Content starts

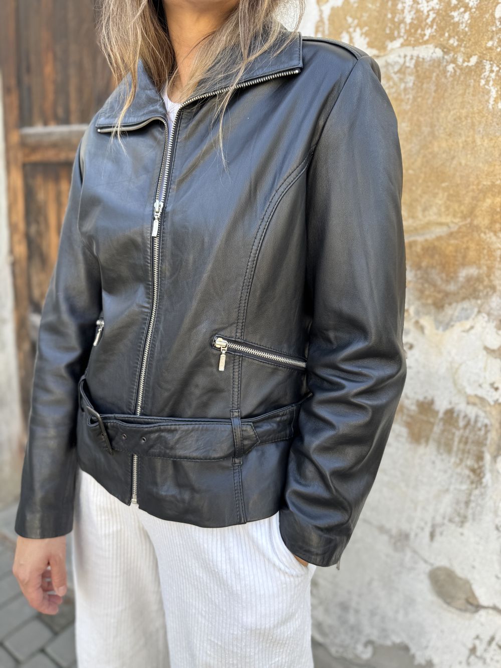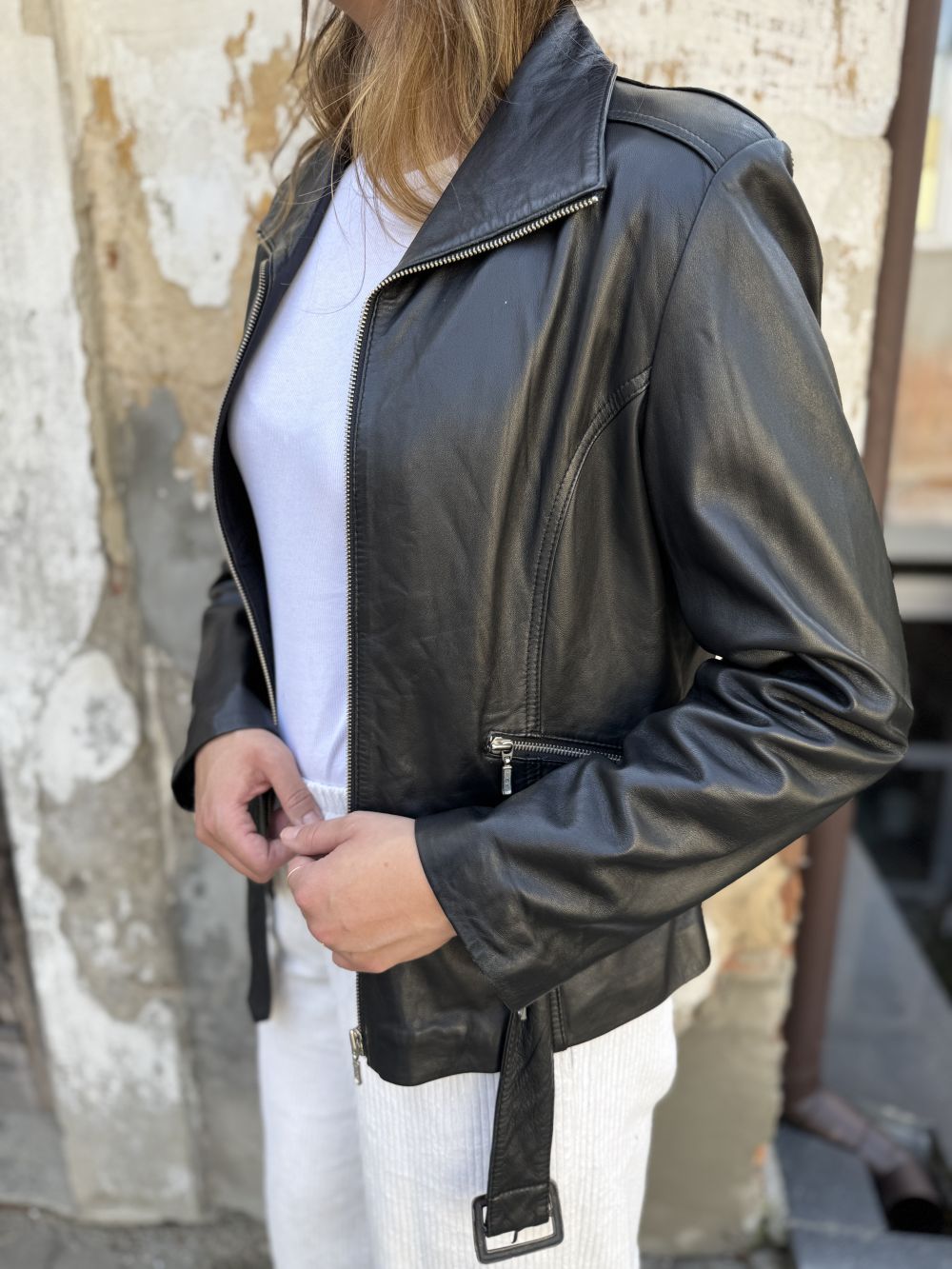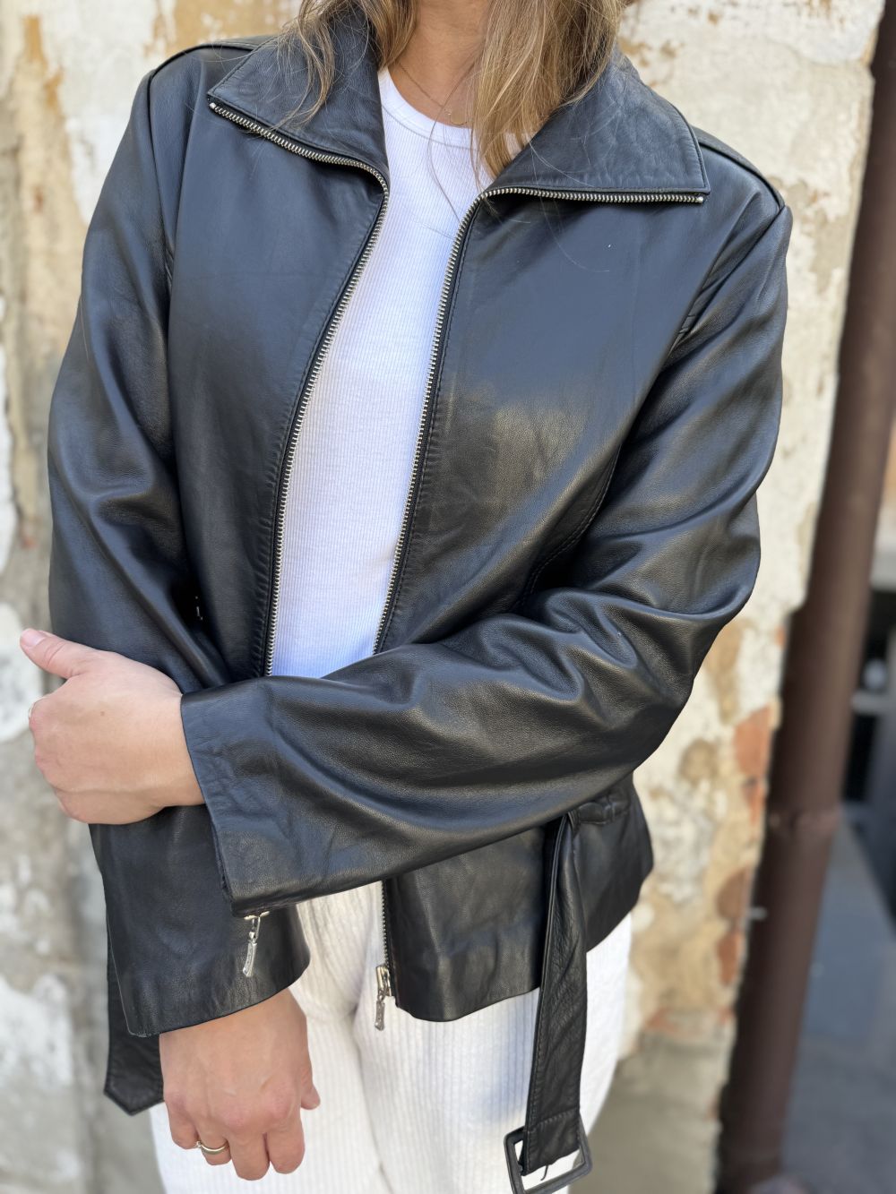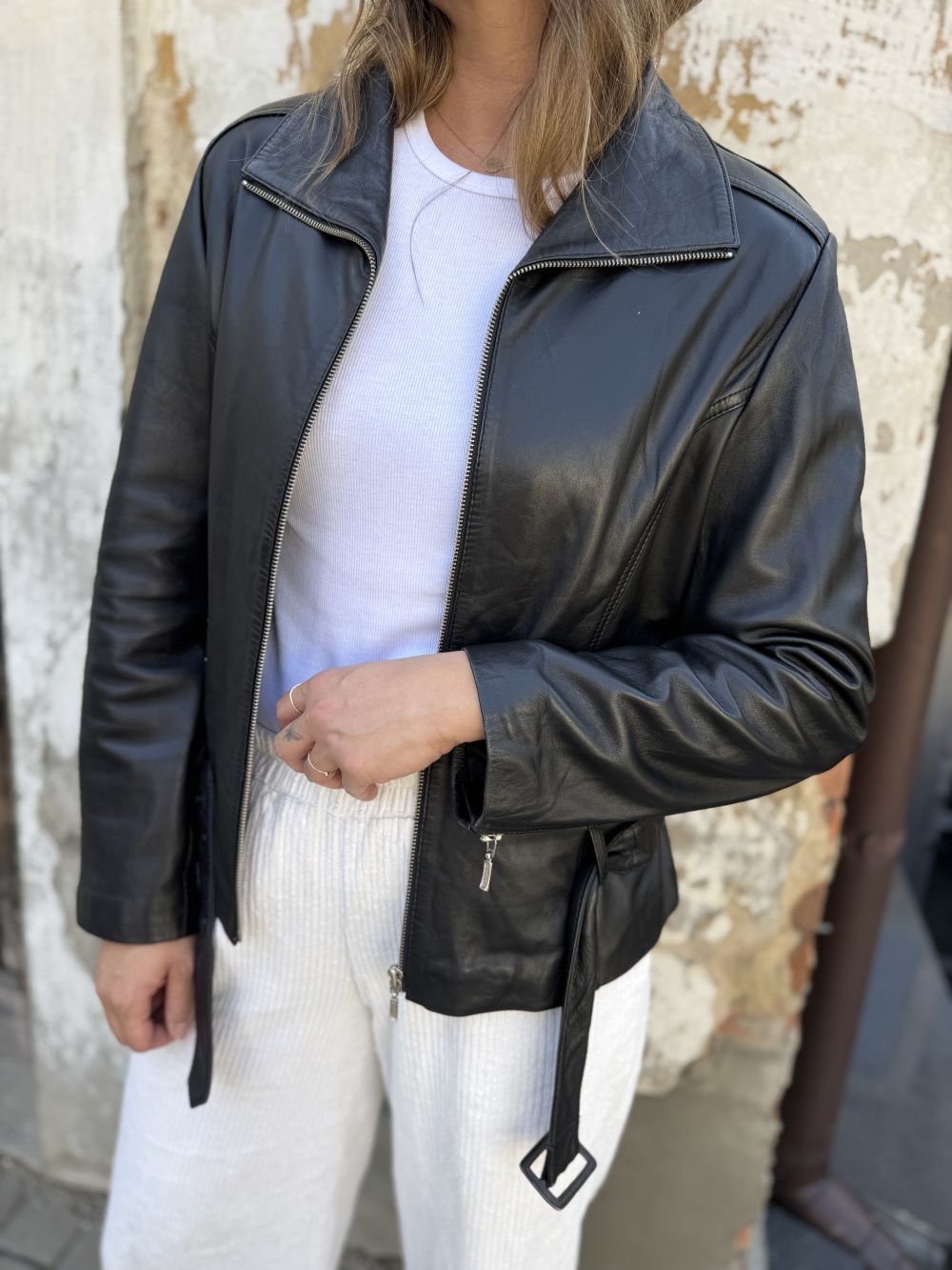 Skórzana kurtka marki TØY&SKIND. Idealnie nadaje się na luźne jesienne stylizacje. Zapinana na suwak, posiada pasek dzięki czemu dopasujemy ją do swojej sylwetki.
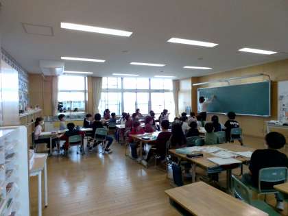 理科「太陽の光を調べよう」の学習では、かがみではね返した日光はどのように進むかを予想し、実験方法を確認しました。
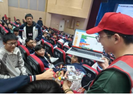 随后无人机专题展示开始。志愿者阐明其在现代救援中的核心价值,并借助模拟器让同学们亲身体验飞行操控,感受科技实践乐趣。
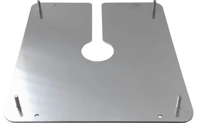 Diese Montageplatte aus Aluminium erleichtert die Positionierung von ALDEN Satellitenantennen auf Dächern von Kastenwagen. Durch den Schlitz in der Montageplatte können die Anschlußkabel in einer Sicke unter der Antenne herausgeführt werden.
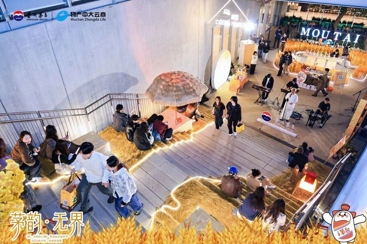 10月29日,由物产中大茅台文化体验馆主办的“茅韵无界”快闪音乐节在杭州城市人文地标——天目里中心圆满落幕。活动以音乐为媒介,融合艺术互动与品牌文化,打造了一场传统酒文化与现代潮流碰撞的沉浸式体验,展现茅台品牌年轻化、时尚化的新面貌。
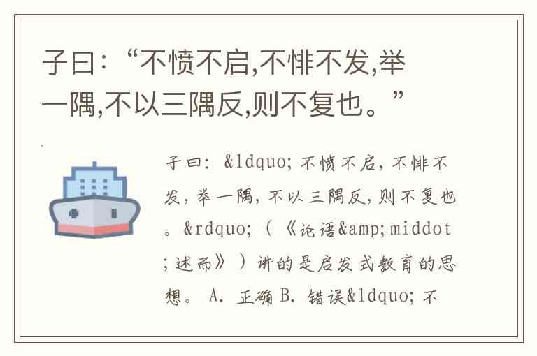 子曰:“不愤不启,不悱不发,举一隅,不以三隅反,则不复也。”(《论语·述而》)讲的是启发式教育的思想。 A. 正确 B. 错误
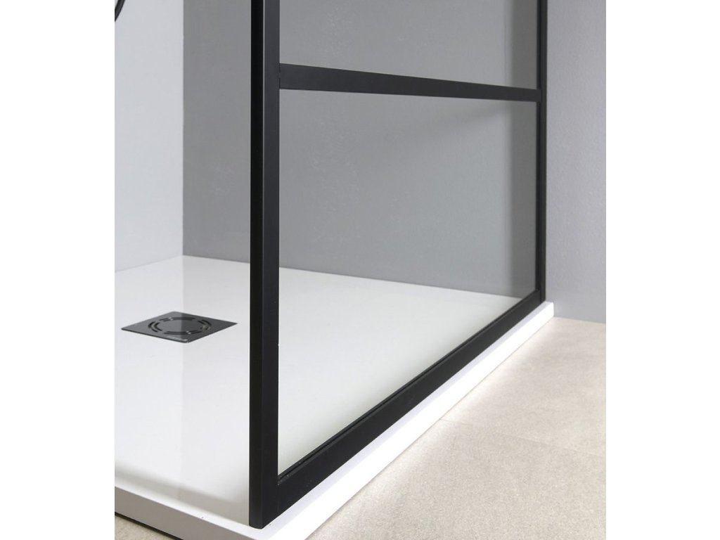 Z vnější strany je sklo orámováno černým matným rámem a opticky rozděleno vodorovnými profily na 4 okna. Zástěny o šířkách 1200 a 1400 mm jsou navíc opatřeny svislým profilem, takže zástěna je rozdělena na 8 tabulek. Z vnitřní strany je zástěna dokonale hladká a pro snadnou údržbu ošetřena povrchovou úpravou Coated Glass. Všechny zástěny lze navíc doplnit o pevný přídavný panel.
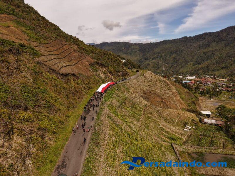 Kegiatan dimulai dengan pembagian Bendera Merah Putih kepada masyarakat, kemudian pengobatan masal dilanjutkan arak-arakan bendera raksasa sejauh 1,5 kilometer menuju puncak Bukit Zaitun. Sepanjang perjalanan, seluruh peserta dengan khidmat menyanyikan lagu-lagu kebangsaan menciptakan suasana penuh haru dan kebanggaan nasional. Momentum ini menjadi simbol kuat kecintaan masyarakat Puncak Jaya terhadap Negara Kesatuan Republik Indonesia.

Content ends

Transcribe exactly the lines above, beginning at the one with "理科「太陽の光を調べよう」の" and going up to and including the one with "Z vnější strany". Pictures do not belong in the copy.

■ **FINISHED EXERCISE**:
 理科「太陽の光を調べよう」の学習では、かがみではね返した日光はどのように進むかを予想し、実験方法を確認しました。
 随后无人机专题展示开始。志愿者阐明其在现代救援中的核心价值,并借助模拟器让同学们亲身体验飞行操控,感受科技实践乐趣。
 Diese Montageplatte aus Aluminium erleichtert die Positionierung von ALDEN Satellitenantennen auf Dächern von Kastenwagen. Durch den Schlitz in der Montageplatte können die Anschlußkabel in einer Sicke unter der Antenne herausgeführt werden.
 10月29日,由物产中大茅台文化体验馆主办的“茅韵无界”快闪音乐节在杭州城市人文地标——天目里中心圆满落幕。活动以音乐为媒介,融合艺术互动与品牌文化,打造了一场传统酒文化与现代潮流碰撞的沉浸式体验,展现茅台品牌年轻化、时尚化的新面貌。
 子曰:“不愤不启,不悱不发,举一隅,不以三隅反,则不复也。”(《论语·述而》)讲的是启发式教育的思想。 A. 正确 B. 错误
 Z vnější strany je sklo orámováno černým matným rámem a opticky rozděleno vodorovnými profily na 4 okna. Zástěny o šířkách 1200 a 1400 mm jsou navíc opatřeny svislým profilem, takže zástěna je rozdělena na 8 tabulek. Z vnitřní strany je zástěna dokonale hladká a pro snadnou údržbu ošetřena povrchovou úpravou Coated Glass. Všechny zástěny lze navíc doplnit o pevný přídavný panel.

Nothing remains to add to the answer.